⟨

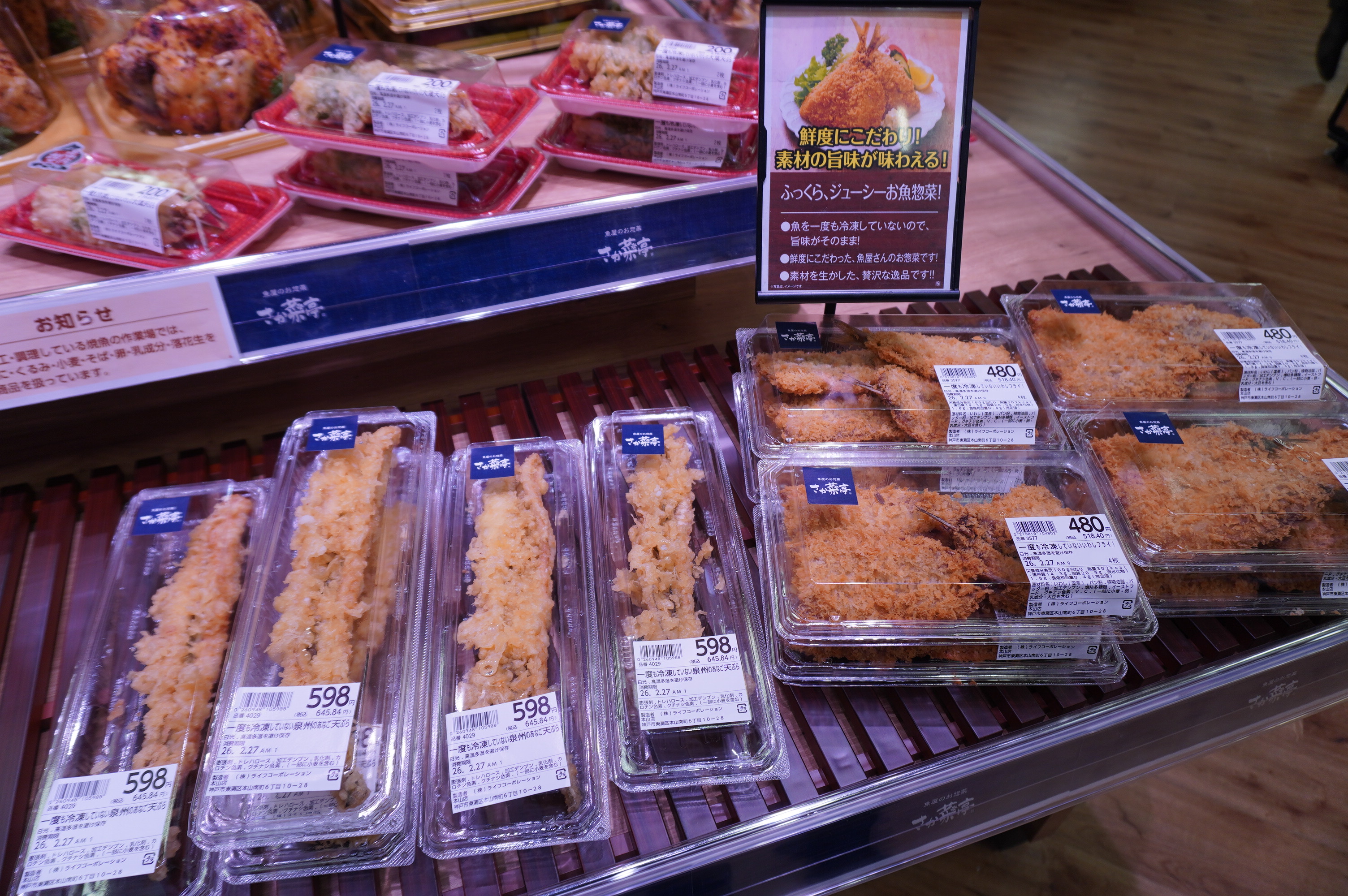 一度も冷凍していない生魚を使用したお魚惣菜。お魚ならではの食感・味わいをお楽しみいただける焼魚・揚げ物をご提供いたします。
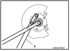 - Hold the wheel hub and bearing using Tool (A). Loosen the
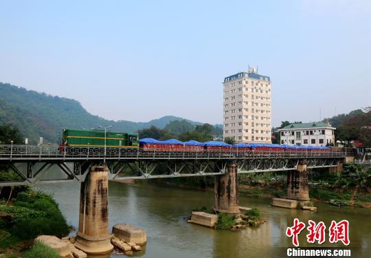 图为中越米轨铁路国际联运硫磺国际班列从中越铁路大桥入境 张伟明 摄
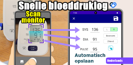 Het goede nieuws is dat je de bloeddrukmeter die je al hebt kunt blijven gebruiken. Met de Android-app Snelle bloeddrukregistratie, kun je simpelweg de camera van je telefoon op het scherm van je meter richten. De app scant het display, leest de getallen met OCR en logt automatisch je bloeddruk en pols. Typen is niet nodig.
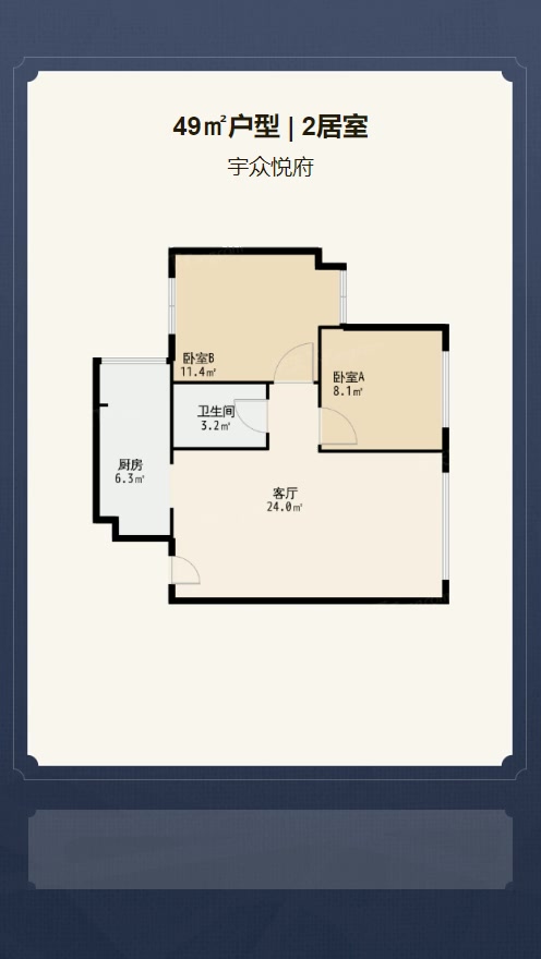 售完宇众悦府2居室户型图 | 建面:49.06㎡ | 朝向:东南
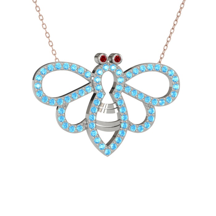 Garnet ve akuamarin 14 ayar beyaz altın kolye (40 cm rose altın rolo zincir)
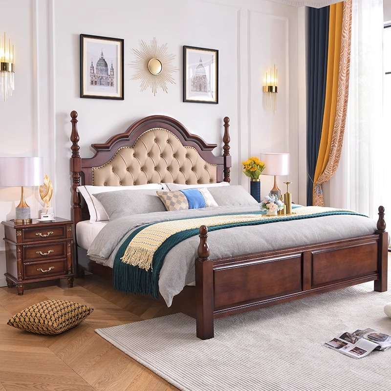 现代简约美式乡村风格轻奢复古柱子主卧室双人结婚软靠储物实木床
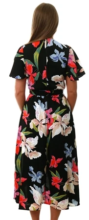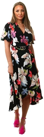 - Stay sophisticated in this Multi Floral Printed Short Sleeve Belted Wrap Midi Dress. Featuring short butterfly sleeves, this wrap over style dress has a gold buckle belt and a zip up back. Simply pair with gold heels and accessories to complete the look.
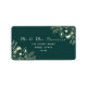 Enhance your wedding stationery with these elegant emerald green return address labels. Adorned with gold flowers and a simple calligraphy script, these chic, vintage-inspired labels add a luxurious, timeless touch to your envelopes, making a memorable first impression for your guests.
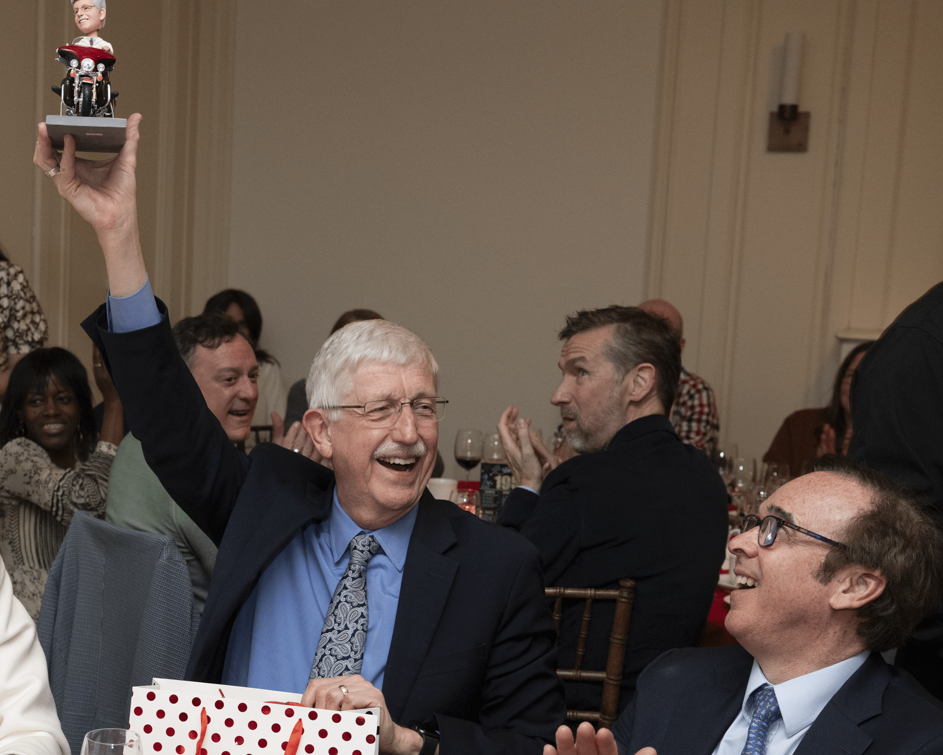 Now retired from NIH, Dr. Collins insisted, “I have not worked as hard since 2020.” Dr. Collins highlighted his work with NYSCF to automate the production of pancreatic organoids which facilitate research on the genetic causes of type 2 diabetes. He offered a heartfelt tribute to NYSCF, lauding its “remarkable scientists,” and its innovative, error-free “automated” robotic system. NYSCF in turn thanked Dr. Collins with a special birthday gift—a lookalike bobblehead bestriding a toy motorcycle (cycling and guitar remain this Renaissance man’s extracurricular passions).

⟩

- **What this task involves**: In the entries above, find the line that contains "图为中越米轨铁路国际联运硫磺国际班列从中越铁路大桥入境 张伟明 摄", then repeat exactly every line from the first one through that line, with no pictures.

- **Exercise response**:
 一度も冷凍していない生魚を使用したお魚惣菜。お魚ならではの食感・味わいをお楽しみいただける焼魚・揚げ物をご提供いたします。
 - Hold the wheel hub and bearing using Tool (A). Loosen the
 图为中越米轨铁路国际联运硫磺国际班列从中越铁路大桥入境 张伟明 摄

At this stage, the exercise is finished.